Mi accorsi che Rigel non si era mosso di un centimetro da quando lo

avevo lasciato.

Mi seguì con lo sguardo, come per accertarsi che stessi bene. Poi, dopo

un momento, sciolse le braccia conserte e si decise ad alzarsi.

Restio, si incamminò verso lo studio.

Entrò dalla porta con passo misurato, eppure la prima cosa che pensò era

che lì non ci voleva stare.

Ultimamente… aveva sempre addosso una strana frenesia.

Una sensazione sfrigolante che gli accendeva il sangue.

Era viscerale, come un veleno. Ritorto e delizioso.

Era lei.

Solo Nica riusciva a farlo bruciare così.
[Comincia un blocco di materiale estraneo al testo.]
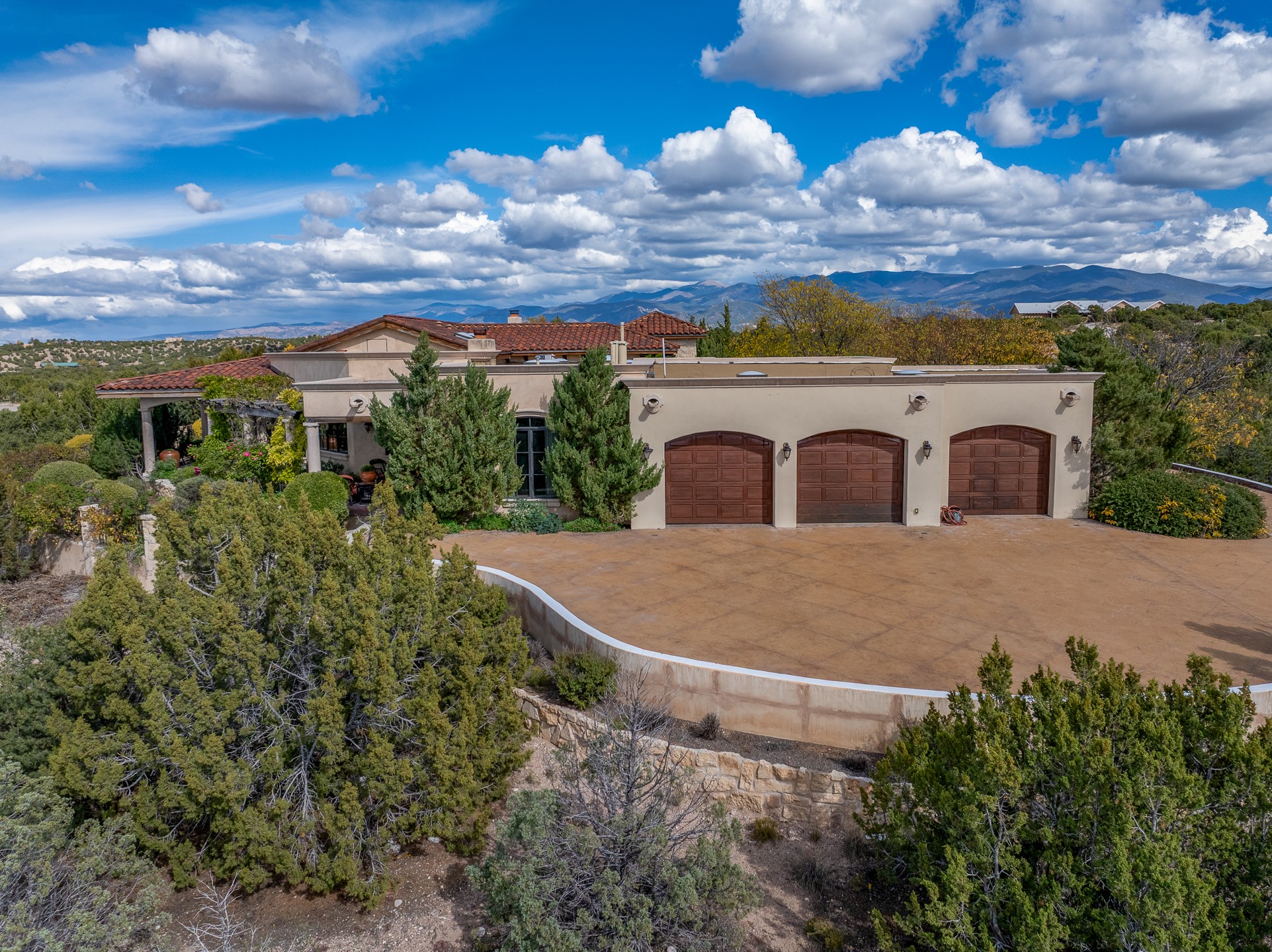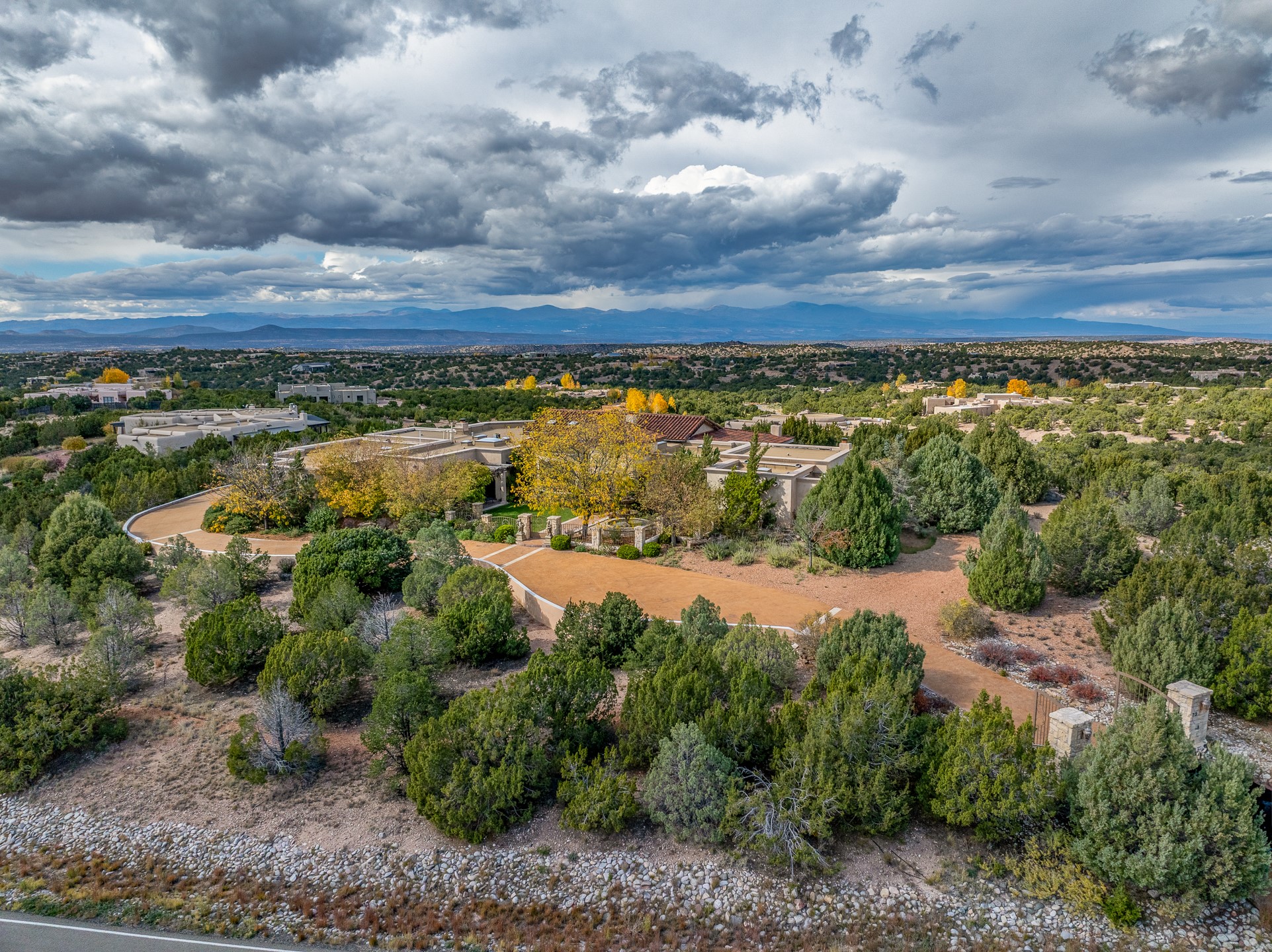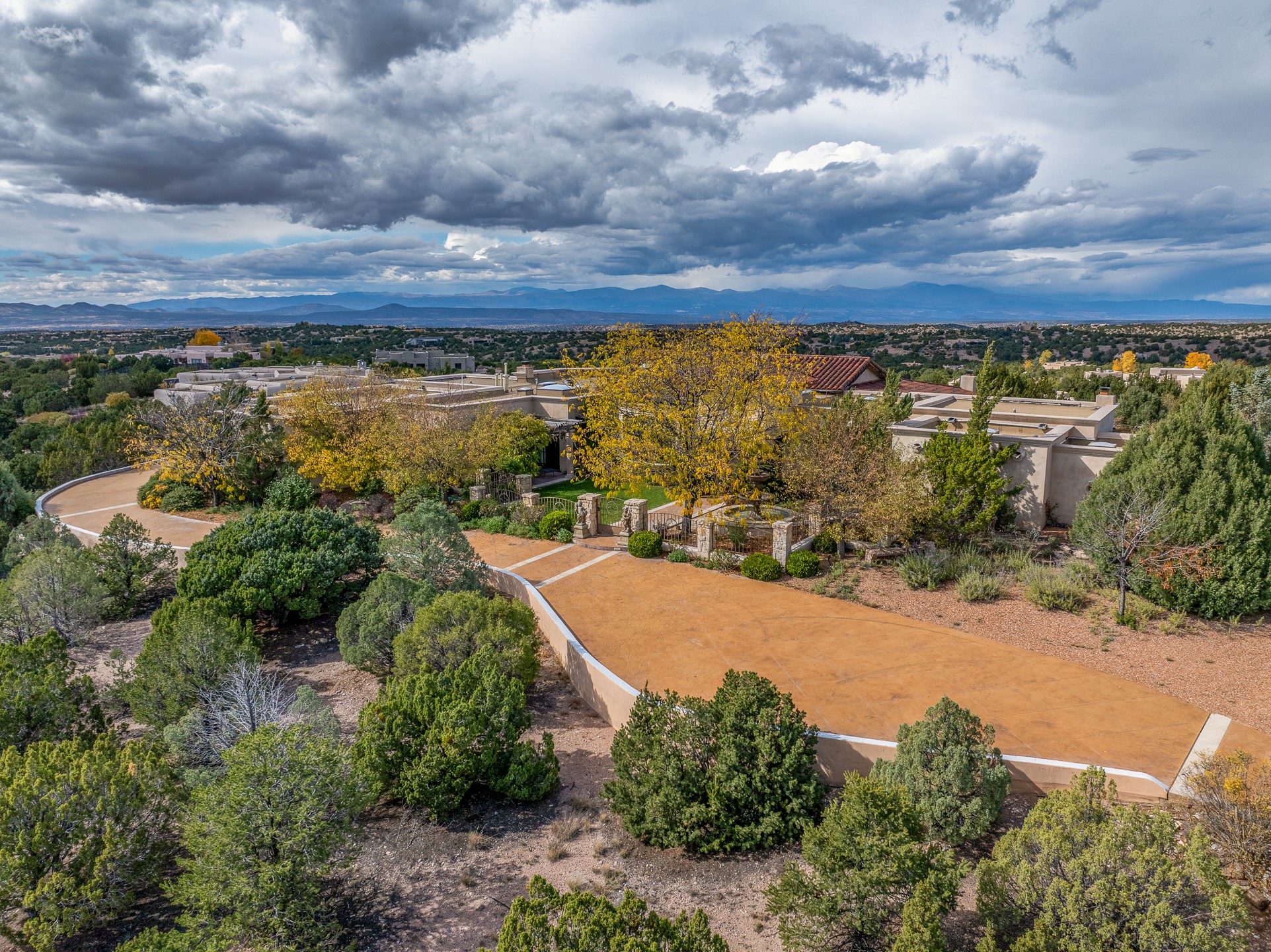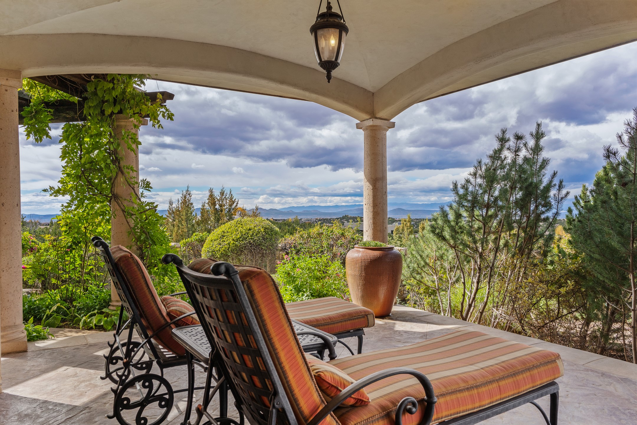 For those drawn to the romance of Italy, this extraordinary residence captures the essence of a Tuscan villa translated beautifully into the high desert landscape of Santa Fe. Nestled on 2.5 acres in the coveted Sundance Estates, this home with 4 bedrooms plus an office, 4.5 baths, and a 3-car garage offers 5,013 square feet of refined living, crafted with exquisite detail and timeless materials. Beyond stately wrought-iron gates, cupid sculptures and a stamped and colored concrete drive lead to a grand arrival with limestone walls, a graceful fountain, and hand-hewn double doors. Inside, rich walnut and travertine floors create a harmonious blend of warmth and sophistication. Diamond plaster walls, coved plaster ceilings, and rustic wood trestle beams evoke the artistry of old-world Europe, while expansive windows and French doors frame breathtaking mountain and sunset vistas. The chef's kitchen is a showpiece--adorned with alder cabinetry, granite countertops, a Wolf range, a Subzero refrigerator, a built-in Miele coffee center, and a wine cooler. Here you'll be romanced by a generous island, casual dining area, and adjoining family room with a fireplace, creating an inviting central gathering space. The kitchen and living room open to a deep covered portal designed for alfresco entertaining, featuring an outdoor kitchen, limestone fireplace, and rose garden.The east wing hosts the elegant primary suite with its own fireplace, private portal, and in-ground spa with a waterfall. The spa-like bath offers dual vanities, a soaking tub, and a large walk-in shower, while the custom closet provides both beauty and functionality. On the west side of the home, you will find 2 guest suites providing separation and privacy. There is also a handsome study with a built-in desk and shelves, and a view to the front garden and fountain. Additionally, there is a private casita with its own entrance, kitchenette, and ensuite bath offers comfort and independence for guests.
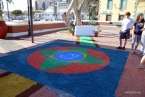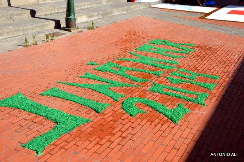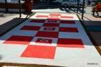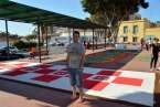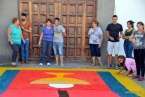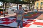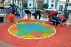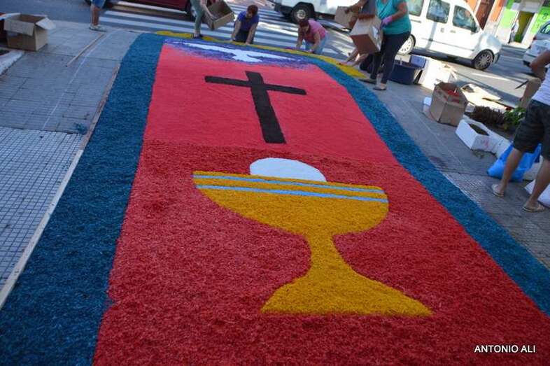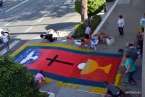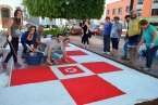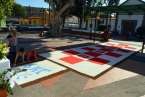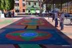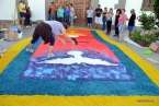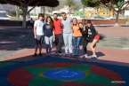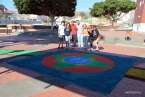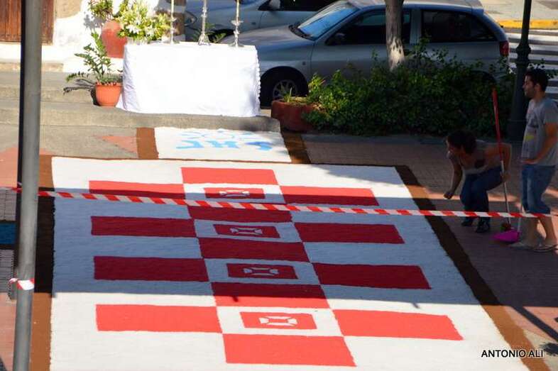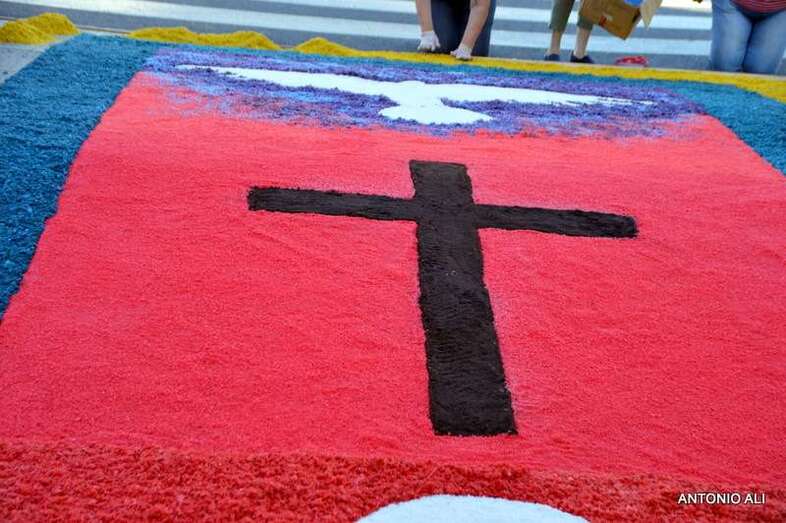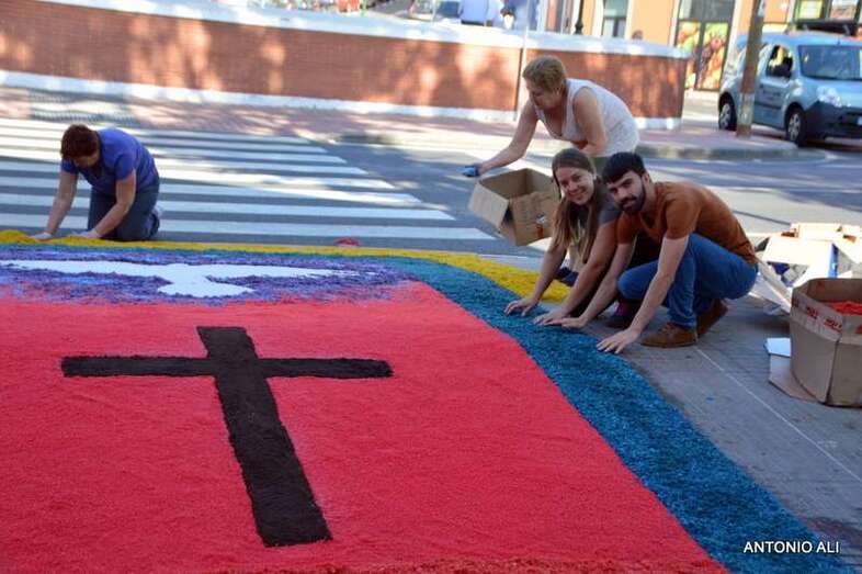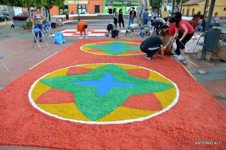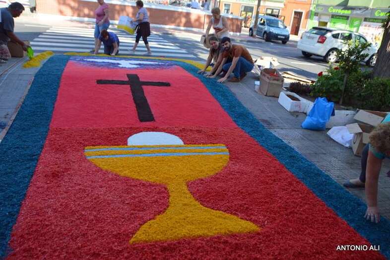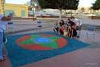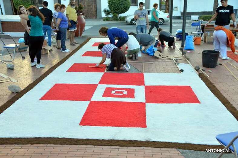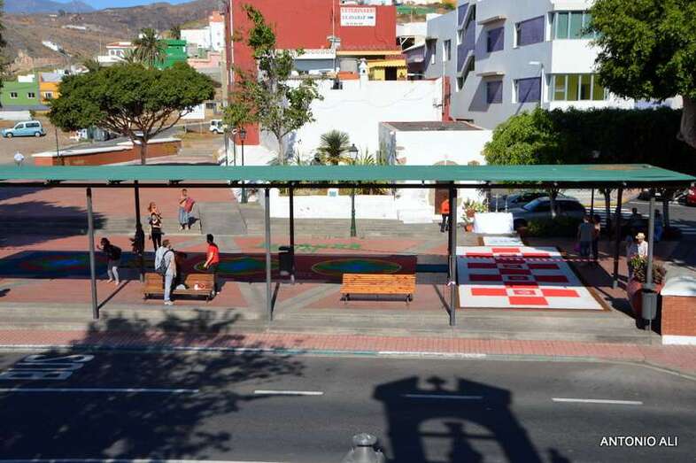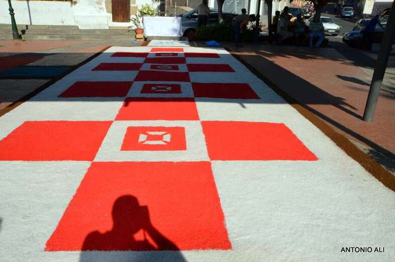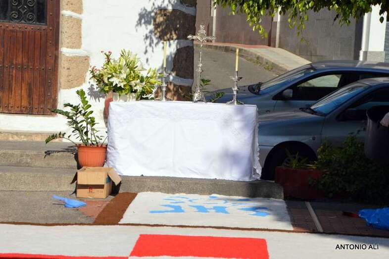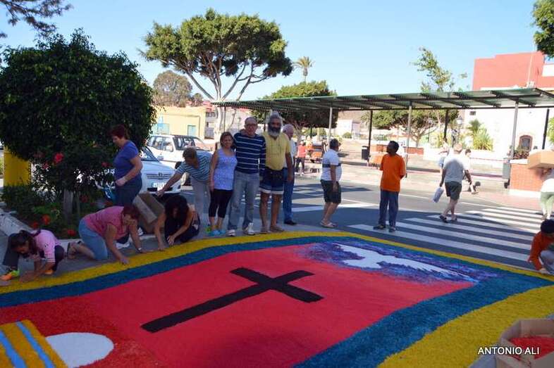 La elaboración comenzó muy pronto. A las 6.30 horas de este domingo, día 22 de junio, comenzaron los trabajos de confección de las alfombras multicolores con signos religiosos, empleándose para ello materiales diversos, en la acera situada delante de la fachada principal del tempo y en la plaza pública del casco antiguo de Jinámar.

In un moto irriflessivo si voltò a cercare i suoi occhi: incrociò le sue iridi

splendenti solo per un istante, quanto bastava per imprimersela addosso.

Era come se ogni volta dovesse guardarla, vederla, per rendersi conto che

non era un sogno.

Che se si voltava a osservarla, lei incrociava i suoi occhi.

Che se la sfiorava, lei non aveva paura.

Che se infilava la mano tra i suoi capelli lei non svaniva in un sogno, ma

restava lì, tra le sue dita, con gli occhi fissi nei suoi.

Era vera.

Lo era talmente tanto da fargli tremare il sangue.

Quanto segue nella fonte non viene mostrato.